Eight Million Ways to Die
Tags: detective-fiction,
Eight Million Ways to Die is the fifth in Lawrence Block’s Matthew Scudder detective series. You don’t need to have read any others in the series to follow this one.
Scudder is a former New York City cop who quit the force after accidentally killing a child while pursuing two thieves. By the time the book begins, he has long since left his family, and has been living for years in a mid-town Manhattan hotel. He makes his living under the table, as a cash-only unlicensed detective. His training helps him out, as do his connections on the force and on the street. His chronic drinking hinders him.
The story begins with Scudder in his favorite bar, talking to a prostitute who wants to get out of “the life.” She’s afraid to talk to her pimp, Chance, about leaving, and wants Scudder to feel him out first.
The pimp is not an easy man to find. While trying to track him down, Scudder has the following exchange with his informer, Danny Boy. The informer asks, “What can I do for you?”
“I’m looking for a pimp.”
“Diogenes was looking for an honest man. You have more of a field to choose from.”
“I’m looking for a particular pimp.”
“They’re all particular. Some of them are downright finicky. Has he got a name?”
When Scudder manages to track him down, he finds Chance is no ordinary pimp. He’s reserved, thoughtful, well-spoken, and introspective.
After Scudder finds the pimp has no objection to his client’s leaving, the prostitute is brutally murdered in a Manhattan hotel room. The pimp, obviously, is the prime suspect. The only problem, though, is that he has an airtight alibi.
With no other suspects to pursue, NYPD lets the case languish, but Scudder isn’t willing to let it go. The pimp returns and hires Scudder himself to find the killer.
That’s the setup. Most of the action involves Scudder doing old-fashioned detective work, what Scudder calls “goyakod”: Get off your ass and knock on doors. We then follow the detective through a number of encounters with cops, pimps, prostitutes, artists, witnesses, and drinking buddies in three of New York’s five boroughs.
The book is heavy on dialog, which is one of Block’s strong points as a writer. He doesn’t need to spend much time on backstory to develop rich characters. He reveals a person’s perspectives, attitudes, and temperament through their speech.
Eight Million Ways to Die was published in 1982 and takes place around that time. Much of the book is a meditation on the state of New York City, and if you spent much time in the city in the late ’70s and early ’80s, you’ll find that Scudder’s narrative brings the old city vividly to life.
New York in the late ’70s, with its filthy streets, its grafitti and general slovenliness was the urban incarnation of a hangover. By the early ’80s, crime was rampant and seemed to be getting worse every day.

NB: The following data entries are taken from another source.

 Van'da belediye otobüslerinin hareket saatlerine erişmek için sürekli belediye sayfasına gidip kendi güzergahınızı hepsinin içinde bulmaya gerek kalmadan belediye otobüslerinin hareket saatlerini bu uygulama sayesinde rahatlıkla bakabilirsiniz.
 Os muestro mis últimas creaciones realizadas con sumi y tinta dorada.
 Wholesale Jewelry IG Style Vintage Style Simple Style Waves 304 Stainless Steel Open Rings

Scudder begins most of his days reading the news, which seems to be a catalog of human depravity. The title of the book comes from his reflection, after reading about a number of murders, that in a city of eight million people, there are eight million ways to die.

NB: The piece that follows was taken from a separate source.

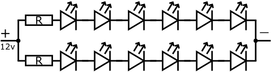 By connecting LEDs in series, no or only a low resistance series resistor is needed. The internal resistance of the LEDs themselves ensures the supply voltage is distributed over the LEDs in the series connection. The more LEDs placed in series, the smaller the series resistor can be. The image shows six LEDs connected in series and two rows parallel.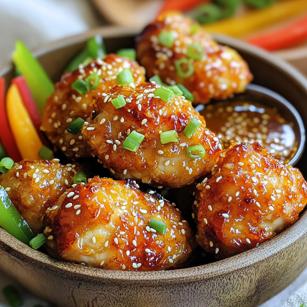 - 1 pound boneless, skinless chicken breast, cut into bite-sized pieces - 1/4 cup honey - 3 tablespoons soy sauce - 2 cloves garlic, minced - 1 teaspoon fresh ginger, grated - 1 tablespoon sesame oil - 1 tablespoon cornstarch - 1/2 teaspoon black pepper - 1 tablespoon green onions, chopped (for garnish) - Sesame seeds (for garnish, optional) The chicken breast must be fresh and tender. Cut the chicken into small, even pieces. This helps them cook quickly and evenly in the air fryer. Next, let's talk about the marinade. It combines sweet honey and savory soy sauce. The garlic adds a nice punch, while the ginger gives a warm, spicy note. Sesame oil brings a rich flavor, and cornstarch helps create a crispy texture. Black pepper adds just the right amount of heat. For garnishes, I like to use green onions. They add color and a fresh taste. Sesame seeds are optional but can add a nice crunch. You can even mix in colorful bell peppers when serving for a fun touch. This simple yet flavorful mix makes the chicken bites irresistible! To get started, we need to mix the marinade. In a large bowl, combine the following: - 1/4 cup honey - 3 tablespoons soy sauce - 2 cloves garlic, minced - 1 teaspoon fresh ginger, grated - 1 tablespoon sesame oil - 1/2 teaspoon black pepper - 1 tablespoon cornstarch Whisk these ingredients well until they form a smooth mixture. This blend will give your chicken a sweet and savory kick. Now, add the chicken breast pieces to the bowl. Toss them well to coat every piece with the marinade. For the best flavor, let it marinate for at least 30 minutes. If you have time, marinate for up to 2 hours in the fridge. This will allow the flavors to soak in deeply. Before cooking, we need to preheat the air fryer. Set it to 400°F (200°C) and let it warm up for about 5 minutes. This step ensures even cooking and nice crispiness. Next, place the marinated chicken in the air fryer basket. Make sure to arrange them in a single layer. This way, they will cook evenly. If you have a lot of chicken, cook in batches. Air fry the chicken bites at 400°F for 10 to 12 minutes. Shake the basket halfway through to help them cook evenly. The chicken should turn golden brown and be fully cooked. Check that the internal temperature reaches 165°F (75°C). Once done, take them out and let them rest for a couple of minutes. For a beautiful presentation, serve the chicken bites in a large bowl or on a nice platter. Garnish with chopped green onions and sprinkle sesame seeds on top for a pop of color. For extra fun, offer a small dish of honey-garlic sauce on the side for dipping. You can also add colorful bell pepper strips around the chicken for a vibrant touch. This makes your dish look appealing and inviting! To make your chicken bites crispy, follow these steps: - Use cornstarch: It helps create a nice crunch. Mix it well with your marinade. - Don’t crowd the basket: Lay the chicken pieces in a single layer. This helps them fry evenly. To avoid overcooking, keep an eye on the time. Cook for about 10-12 minutes. Check the chicken at 10 minutes. If it’s golden brown and the inside reaches 165°F, it’s done. Want to boost the flavor? Try adding extra spices or herbs. A pinch of cayenne pepper gives a nice kick. Fresh cilantro or basil can add a fresh twist. For marinating, let the chicken sit for at least 30 minutes, but longer is better. Marinate for up to 2 hours in the fridge. This will deepen the flavor and make the chicken even tastier. {{image_2}} You can switch up the protein in this recipe. Try using shrimp or tofu for a fun twist. Both will soak up the honey and garlic flavor well. For a vegetarian option, use cauliflower or chickpeas. These choices bring a hearty texture and absorb the marinade nicely. If you like it sweet and spicy, add a dash of red pepper flakes. This gives the chicken a nice kick. For a fresh twist, add citrus juice like lime or orange. A splash of lemon can brighten the dish too. You can also mix in fresh herbs like cilantro or basil. They bring a pop of flavor and color to your bites. To keep your Air Fryer Honey Garlic Chicken Bites fresh, store them in a sealed container. This helps keep moisture in and prevents drying out. They stay good in the fridge for up to three days. When reheating, place them in the air fryer at 350°F for about 5 minutes. This will help restore their crispy texture. If you prefer the microwave, heat them for 1-2 minutes, but they may not stay crispy. If you want to save some for later, freezing works great! First, let the chicken bites cool completely. Then, spread them in a single layer on a baking sheet and freeze for about an hour. This prevents them from sticking together. After that, transfer them to a freezer-safe bag or container. They can be frozen for up to three months. When you're ready to eat, thaw them overnight in the fridge. For reheating, use the air fryer at 400°F for 10 minutes to make them crispy again. You can make small changes to the recipe for a healthier dish. Here are a few ideas: - Use low-sodium soy sauce instead of regular. - Replace honey with maple syrup or agave for a lower glycemic index. - Swap sesame oil for olive oil to cut down on saturated fat. - Add more veggies like bell peppers or broccoli into the air fryer for extra nutrients. These changes keep the dish tasty while making it a bit lighter. Yes, you can use bone-in chicken, but it needs more time to cook. Here’s what to do: - Increase the cook time by about 10 to 15 minutes. - Check the internal temperature; it should still reach 165°F (75°C). - Cut the chicken into smaller pieces to help it cook evenly. This way, you'll enjoy the same flavors but with a different cut of chicken. Dipping sauces can enhance your chicken bites. Here are a few popular options: - Sweet chili sauce adds a nice kick. - Soy sauce mixed with sesame oil offers a classic taste. - Ranch dressing gives a creamy contrast. - Spicy mayo brings heat and richness. Fee

He spends much of the book working with an NYPD homicide detective named Durkin, a cop who has seen too many of the things cops see, and who bitterly laments the decline of the city. Many of Durkin’s complaints echo those of today’s political right: the influx of poor and struggling immigrants from all corners of the world has transformed the city into one he hardly recognizes. Many of the city’s new arrivals, it seems, have brought with them the troubles they were hoping to flee.

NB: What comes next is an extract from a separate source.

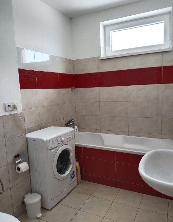 Chodba má veľkú vstavanú skriňu, kúpelňa vaňu.

Durkin complains that when he goes on the subway he feels like he’s in a foreign country. He is overwhelmed by a world he can no longer comprehend, and he confides to Scudder that he can’t wait to retire. Trying to keep order in such a vast, unruly city has sapped his energy to the point where he just wants to withdraw.
As he tracks down the clues to the prostitute’s murder, Scudder spends an enormous amount of time and emotional energy contemplating his alcoholism and trying to resist the temptation of drinking. He admits that part of the reason he wants to keep working the murder case is to keep his mind off booze.
I won’t say how the investigation pans out, since that’s the mystery the reader signs up for when he or she picks up the book. I will say that like most good mysteries, the story isn’t about the crime or even the solving of it. It’s about a time and a place, the psyche of the main character, the world he inhabits and the lens through which he sees it. It’s about a violent, paranoid city in decline after Son of Sam, and the struggles of one of that city’s eight million souls as he tries to come to terms with his personal demons. Its final scene, one of the most famous in all of detective fiction, tells you it’s a book about character. And it’s well worth the read.